Categories
Technology Weblogging

Bye Bye Wiki Necho or Pie

Recovered from the Wayback Machine.

I am finishing the Permalink essays as you read this (well, depending on when you read this, I may be finished), though about to take a break because the words are running away with me. I’m glad I waited on Part 4 until today because the essay is writing itself – I’m just there to move the keys on demand.

In the meantime, Christian from Radio Blogistan, better known as xian, wrote Blogistan Pie to the tune of American Pie – a song I dislike, and much improved by xian’s effort.

Verse 6:

I met this person, Burningbird,
And I asked her for an ontologically meaningful word
But she just smiled and made a sound

I went down to the Scripting News
Where some years before I’d seen the clues
But the server said the file wasn’t found

In LiveJournals children screamed,
The lovers cried and the poets dreamed
But not a word was trusted
The permalinks were busted

And the three men I admire most,
Phil Wolff, Mark Pilgrim, and Steve Yost
Kept editing their final post
The day the blogging died
And they were singin’…

(Thanks to Sam for pointing it out.)

Categories
Technology

NotWiki

Recovered from the Wayback Machine.

Liz wrote a great note on the recent and growing pushback against the use of the Wiki for Pie/Echo/Atom, based in part on a discussion at Phil’s and a posting over at Sam’s.
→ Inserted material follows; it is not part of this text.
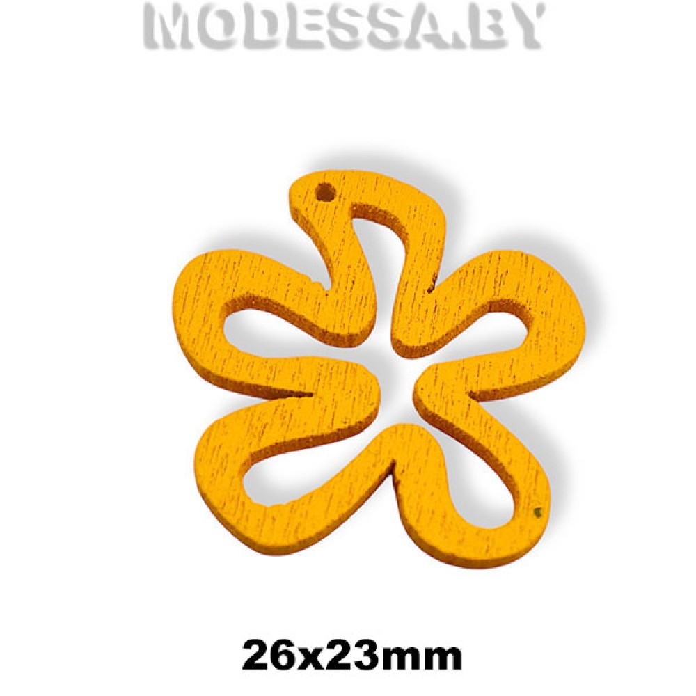 Украшение декор. дерев. Цветок фигурн ц: Оранжевый 26х23мм

Liz’s summary hits all the points:

I’m not yet at the point where I see wikis as adding sufficient value to any process I’m involved with to justify the installation, configuration, and learning curve for users necessary to add another tool to my social software arsenal. Like Phil, I continue to be troubled by the inherent ahistoricism built into the wiki environment; like Shelley I find the lack of social cues to tell me if I’m treading on someone’s toes by changing content to be inhibiting; like Dare, I find that large-scale active wikis are often too chaotic and disorganized, making it difficult for me to find what I’m looking for.
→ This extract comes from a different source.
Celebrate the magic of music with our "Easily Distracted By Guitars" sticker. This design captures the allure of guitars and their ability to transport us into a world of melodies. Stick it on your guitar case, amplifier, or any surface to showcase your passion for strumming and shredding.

I had concerns about the wiki in the beginning because I wanted to get non-techs involved. Yes, the techs will have to build the tools, but tools are only as good as the people who use them, and I wanted others to have a voice. And face it – Wiki has a real geek feel to it that’s not necessarily inviting to the non-geeks.
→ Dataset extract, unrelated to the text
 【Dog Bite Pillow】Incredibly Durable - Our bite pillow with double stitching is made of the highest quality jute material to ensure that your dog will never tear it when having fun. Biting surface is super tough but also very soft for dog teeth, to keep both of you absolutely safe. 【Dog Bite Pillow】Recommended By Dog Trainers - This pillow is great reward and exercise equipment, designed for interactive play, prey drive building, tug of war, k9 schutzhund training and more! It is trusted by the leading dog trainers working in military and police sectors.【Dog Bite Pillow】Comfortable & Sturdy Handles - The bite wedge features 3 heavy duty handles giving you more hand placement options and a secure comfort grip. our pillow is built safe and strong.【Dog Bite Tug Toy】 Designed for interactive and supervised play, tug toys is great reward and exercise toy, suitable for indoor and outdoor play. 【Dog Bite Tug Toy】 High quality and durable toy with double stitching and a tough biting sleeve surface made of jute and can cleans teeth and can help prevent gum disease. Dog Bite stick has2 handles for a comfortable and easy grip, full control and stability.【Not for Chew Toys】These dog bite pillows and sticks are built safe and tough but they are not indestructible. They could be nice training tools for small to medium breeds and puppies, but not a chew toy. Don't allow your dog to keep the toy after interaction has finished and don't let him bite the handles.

Still, I participated originally, focusing in my area of expertise – the data model. It seems as if I had just started and then turned around and realized the work had zoomed right past while I wasn’t looking.

Okay, so I tried again, taking a snapshot and writing about the effort in a nutshell, and I figured I’d help contribute to the effort by doing this once a week or so – until the next week when I realized that there had been so much work, so much activity, that a snapshot wasn’t feasible. Of if it was, I wasn’t the person to provide it. The parade had passed by.

Wikis are a fascinating device, and I admire Sam wanting to get input from the world at large by using a wiki. He actually didn’t have much choice: he’d been warned what would happen if the Big Blog Tools met behind closed doors and just threw specs over a tall, tall wall.

But there’s got to be a happy medium between total control, personal ownership, and closed doors on the one hand; and a digital foodfight and freeforall that is the Wiki on the other.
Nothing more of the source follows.